Zemlinsky to his wife Louise

Louise Zemlinsky had to experience a further shattering stroke of fate after the death of her brother and her husband. In 1945 she was informed in a telegram that her mother and aunt had most probably been murdered in a concentration camp.

Left completely to her own devices she made attempts already during the 1940s to promote Zemlinsky's works in the music world but the response was discouraging. From 1945 she again lived in New York and devoted herself entirely to singing and painting. It was not until the late 1960s, when Zemlinsky was gradually being rediscovered, that her husband's legacy increasingly became her principal task in life. Until a highly advanced age she committed herself to ensuring that the research and performance of his music, especially regarding copyright matters, had a serious basis and created a widespread impact. She was given considerable help by the Austrian Cultural Institute and its director at the time Peter Marboe. He also ensured that in 1985 at Louise's request Zemlinsky's urn was transferred to Austria and interred in an honorary grave in Vienna's Central Cemetery.

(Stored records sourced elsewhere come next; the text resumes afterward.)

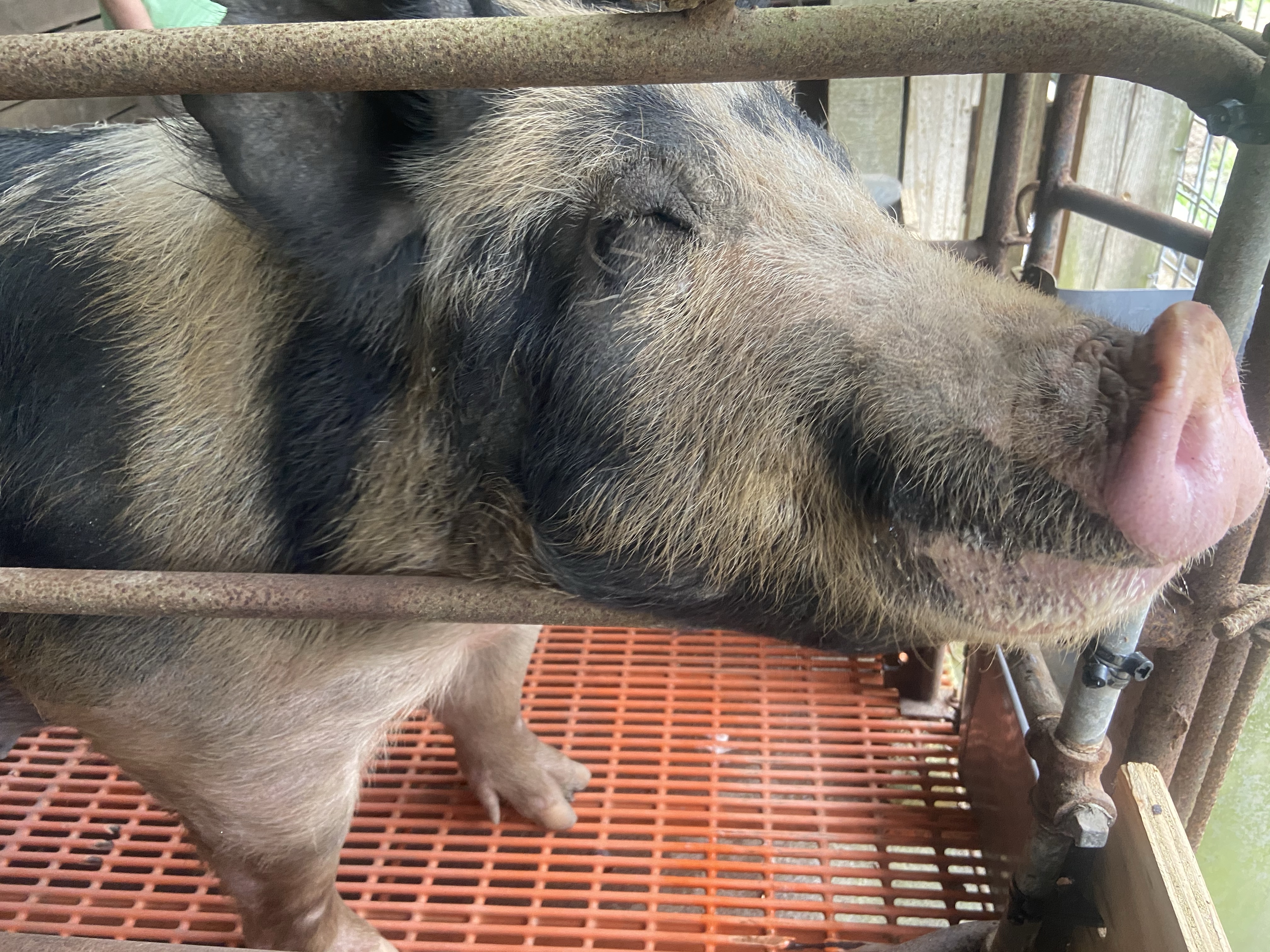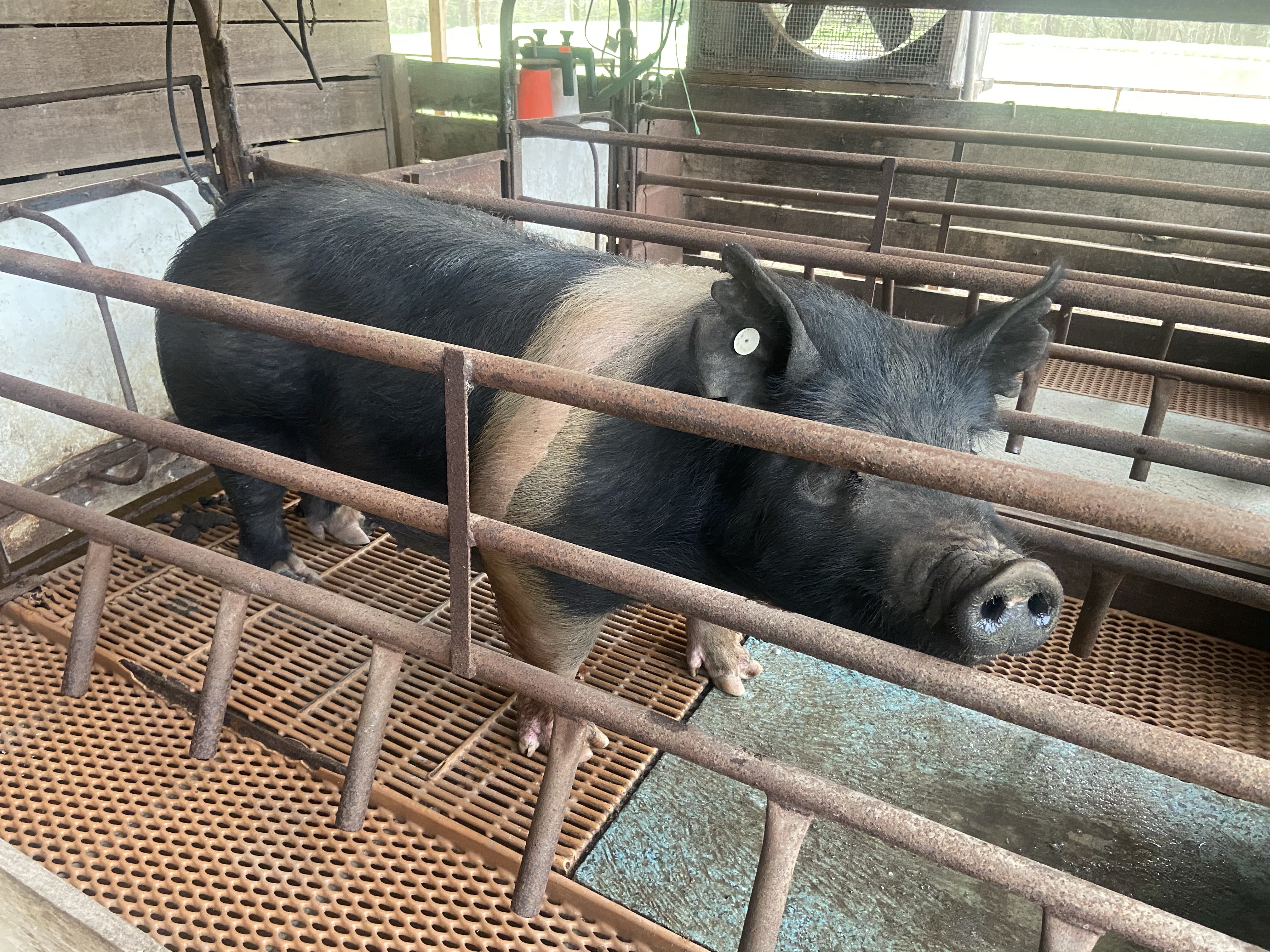 While it was smoking, we moved our two pregnant sows into the farrowing crates. These crates have “safe spaces” for the piglets to get away when the sow tries to lay down.
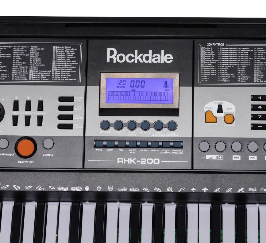 Rockdale Keys RHK-200 - отличный синтезатор, который обеспечивает насыщенное звучание и приятные тактильные ощущения, а также отлично подходи для обучения. Инструмент имеет качественную клавиатуру на 61 клавишу, которая может работать в динамическом режиме с учетом скорости и силы нажатия. За хороший звук отвечают встроенные динамики, которые максимально детально передают вашу игру, а также могут использоваться для воспроизведения любых композиций при помощи порта USB и аудиовхода. Помимо этого, для творческих экспериментов вам доступно 200 тембров различных музыкальных инструментов, 200 ритмов и возможность самостоятельно задать необходимый ритм, а свои треки вы можете записать непосредственно в память синтезатора. Для начинающих музыкантов полезными будут встроенные режимы обучения с несколькими уровнями сложностями, а также автоаккомпанемент и функция упрощенной аппликатуры аккордов.
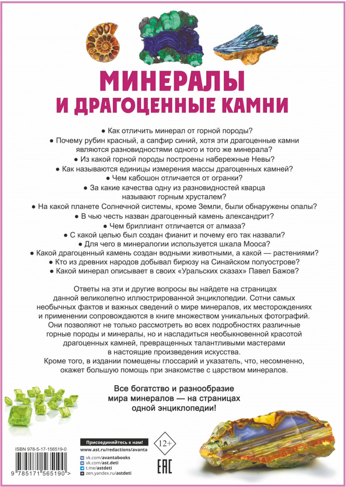 Познавать богатейший мир минералов вместе с этой энциклопедией интересно и радостно!
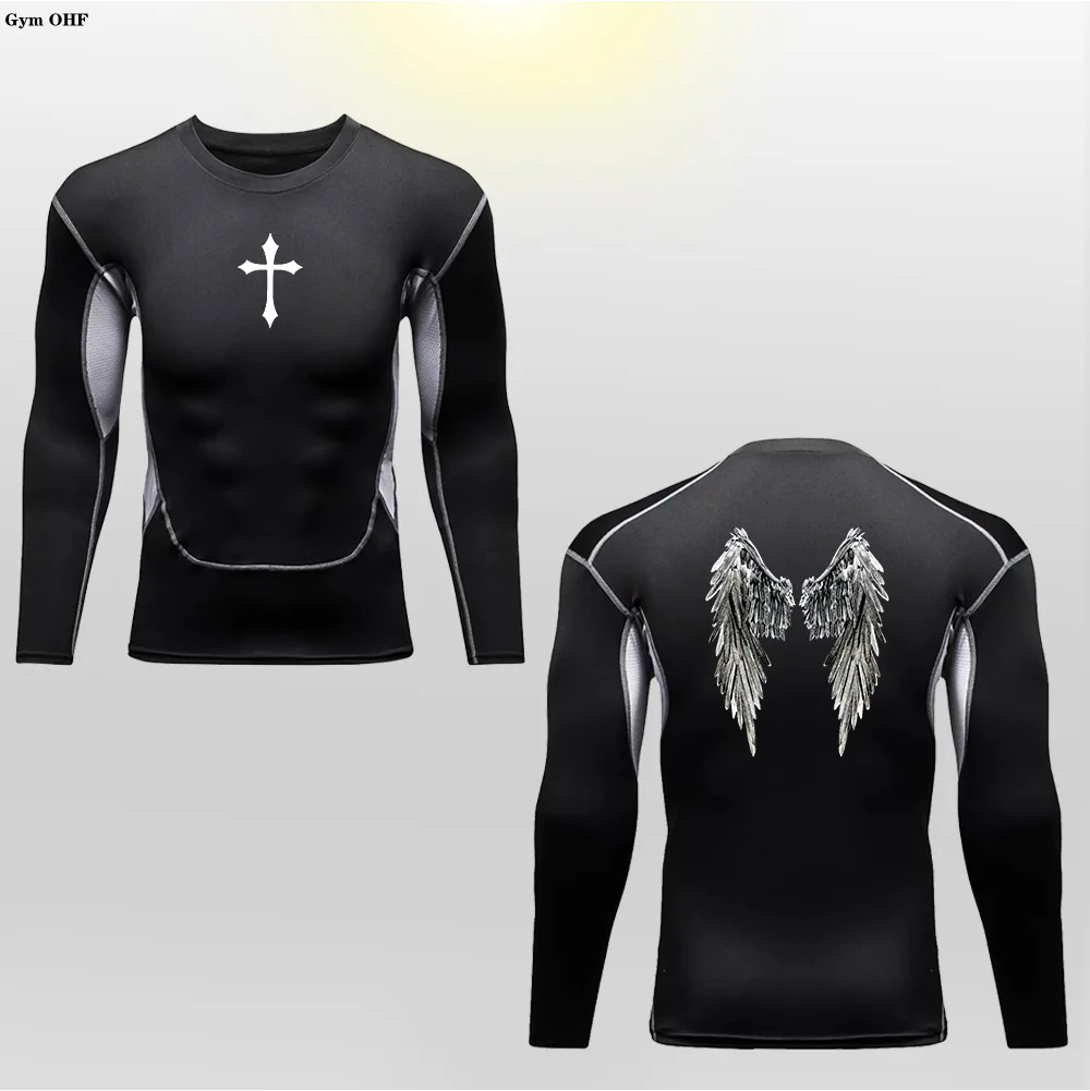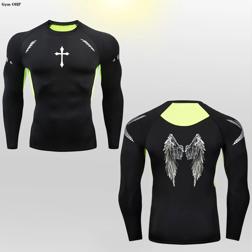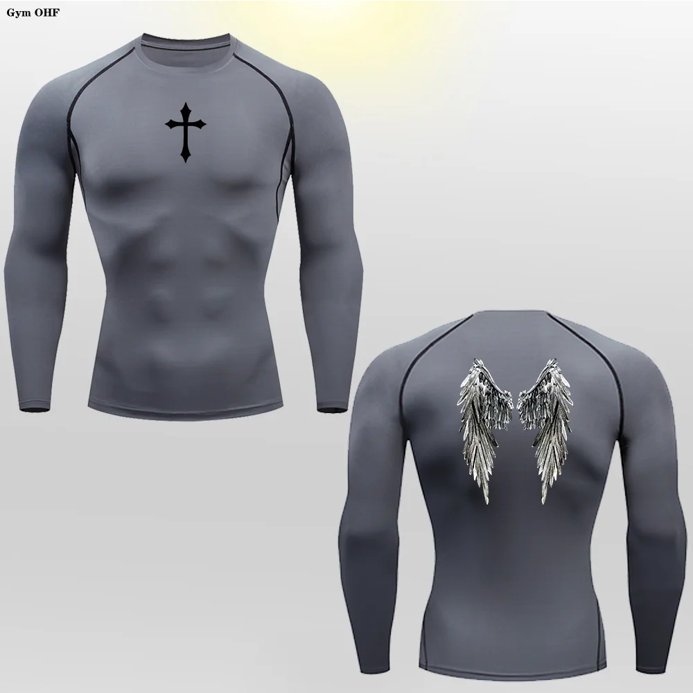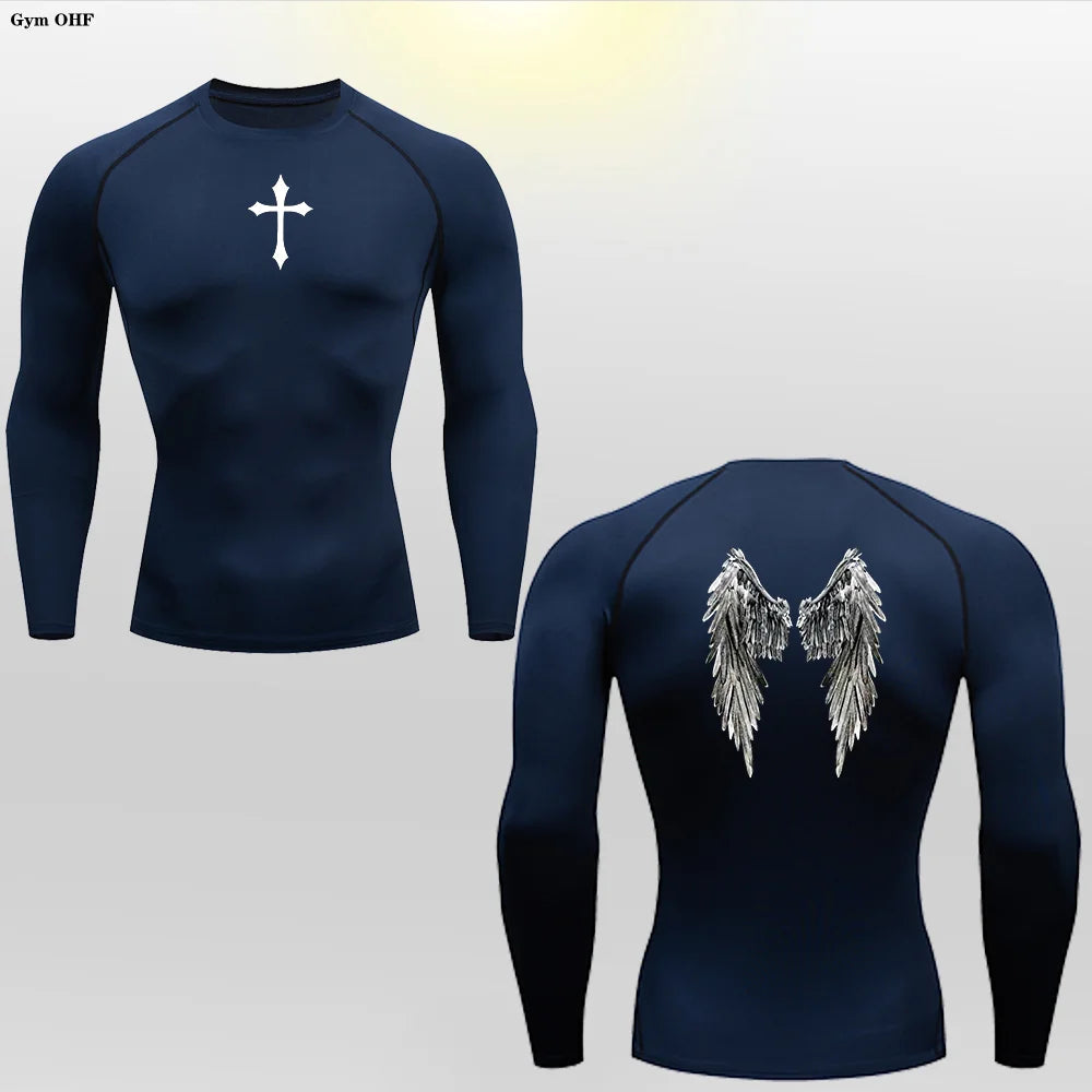 Versatile Wear – Ideal as a standalone shirt or as a base layer under other clothing, the Long Sleeve Revena™ "Angel" Pattern Elastic Compression Shirt is perfect for running, weightlifting, cycling, hiking, yoga, team sports, and all-weather training, making it suitable for year-round use.
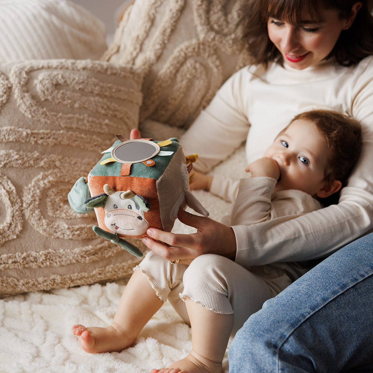 Ο βρεφικός αισθητηριακός κύβος δραστηριοτήτων κρατά το ενδιαφέρον του μωρού για πολλή ώρα, ενθαρρύνοντας την εξερεύνηση και τη συγκέντρωση. Με ήχους, διαφορετικές υφές, διαδραστικά στοιχεία και καθρέφτη, βοηθά το παιδί να αναπτύξει τις αισθήσεις και τις πρώτες γνωστικές δεξιότητες μέσα από το παιχνίδι.
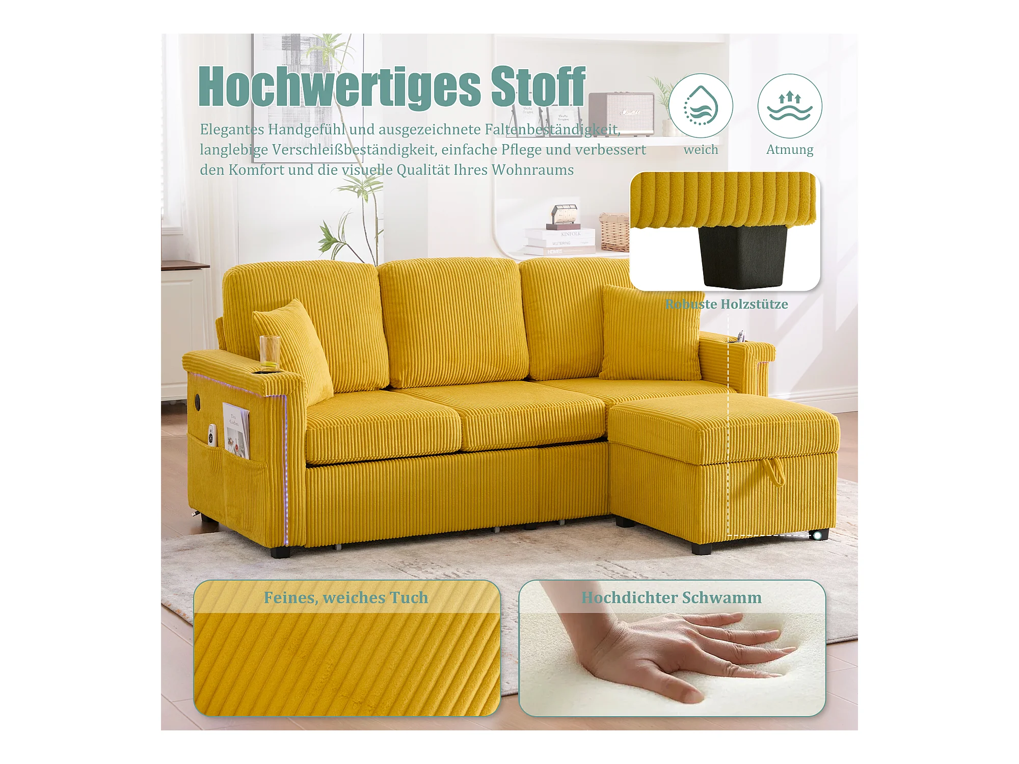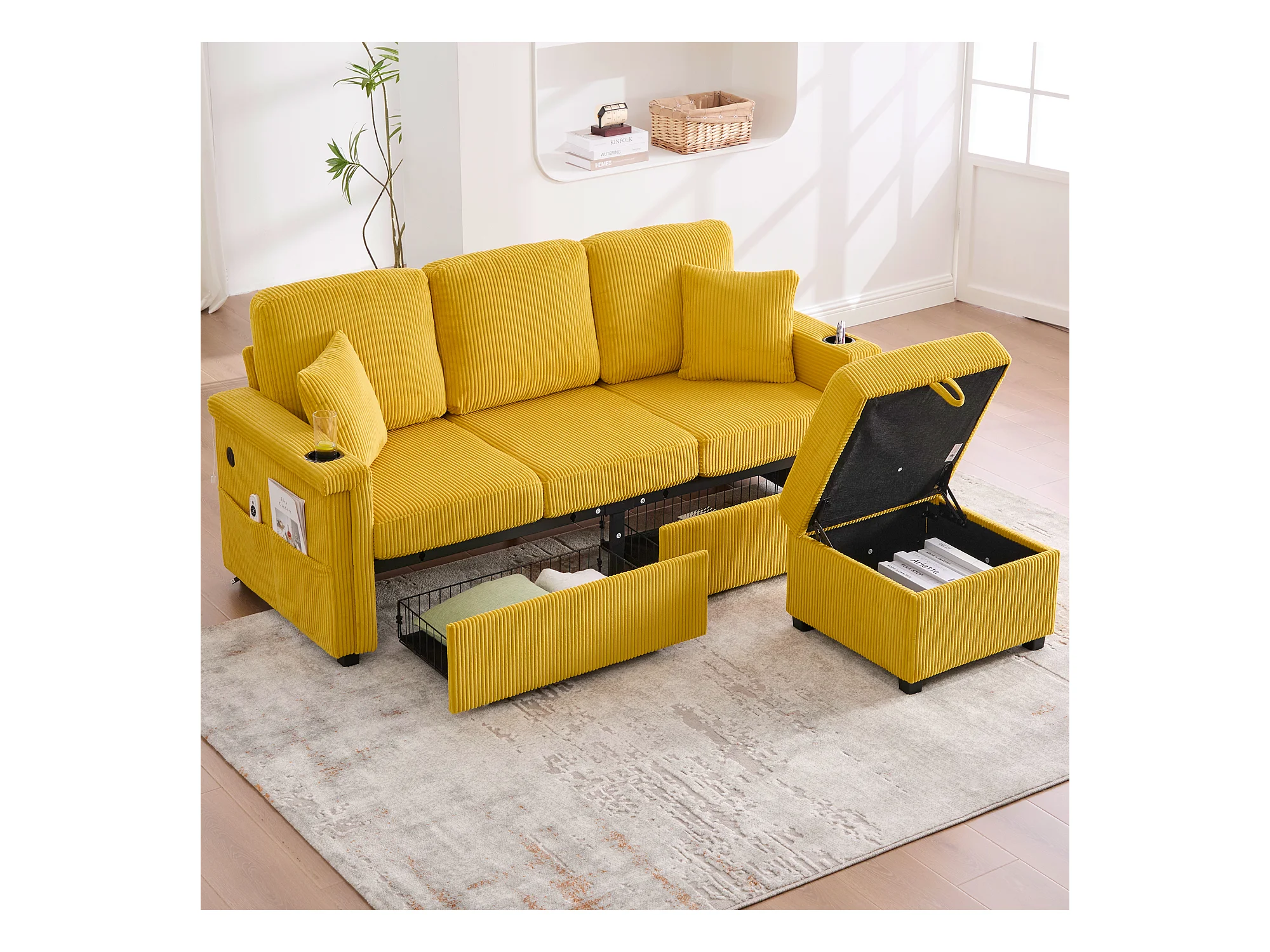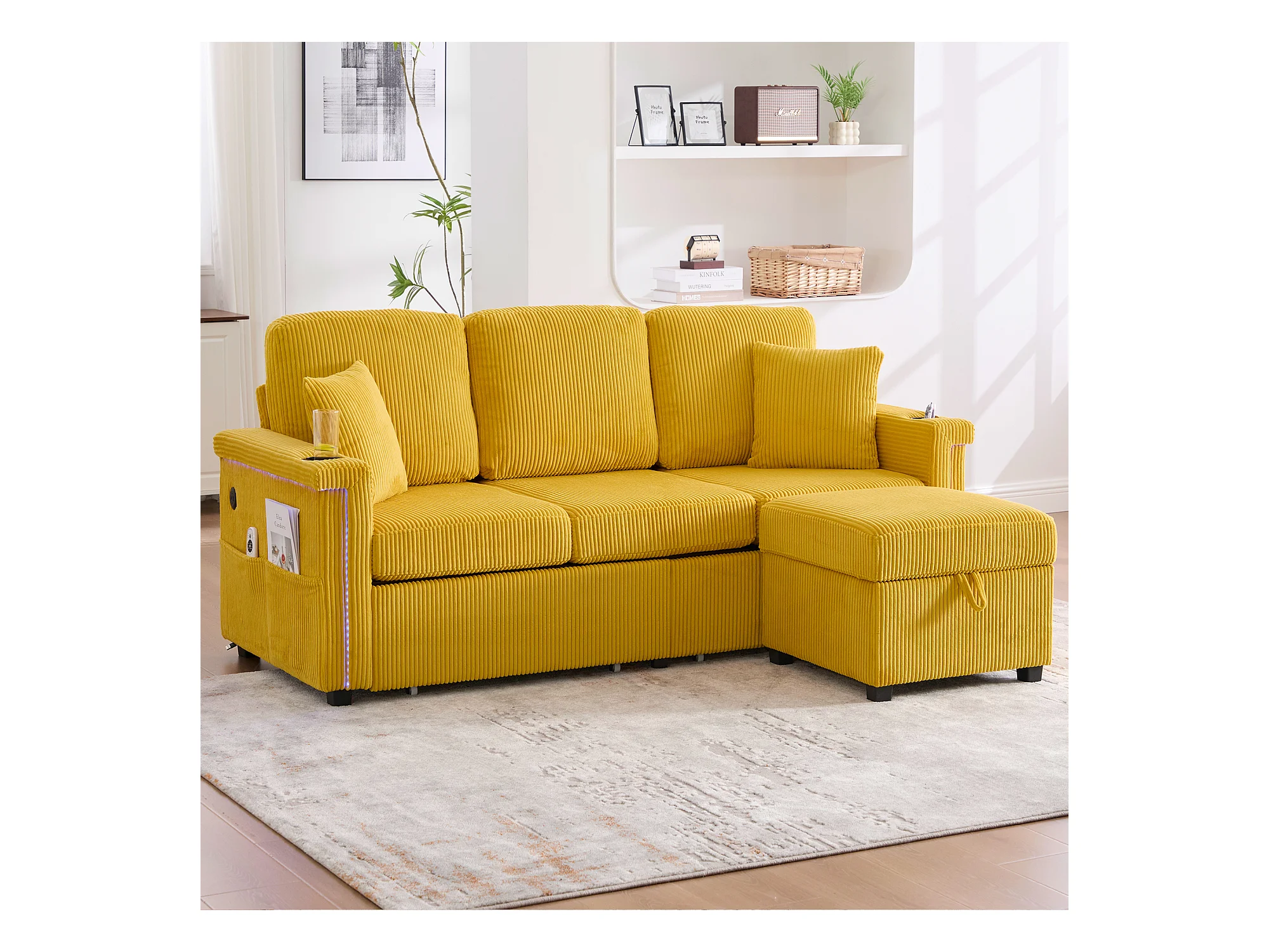 Canapé 4 places - 194 x 73 x 81 cm - avec Leds + USB + repose-pieds avec rangement + 2 tiroirs - Velours - jaune

However, the main focus of interest was the need to provide long-term security in the form of an institution for promoting his heritage. Louise donated a considerable sum of money to the College of Music at the University of Cincinnati. The donation was used to set up a composition and instrumental competition both bearing Zemlinsky's name and which have been organised since the 1990s at this institute where Walter Levin, a great admirer of Zemlinsky, taught for many years. Nevertheless the most important initiative taken by Louise was the setting up of the Alexander Zemlinsky Foundation at the Society of the Friends of Music in Vienna that was founded in 1989 using a large donation from her funds. The purpose of the foundation, whose chairman is Peter Dannenberg, is to "promote and disseminate the works of Alexander Zemlinsky as well as to analyse his life, his impact and his works". Members of the Foundation Committee also include Gerd Albrecht, Thomas Angyan, Christoph von Dohnányi, James Levine, Peter Marboe and Peter Ruzicka.

Louise died in 1992 in New York. All the rights to Zemlinsky's music were transferred to the foundation. Throughout his life Vienna did not make things easy for Zemlinsky. Now, fifty years after his death, his heritage has at least „found its logical home” (Peter Marboe).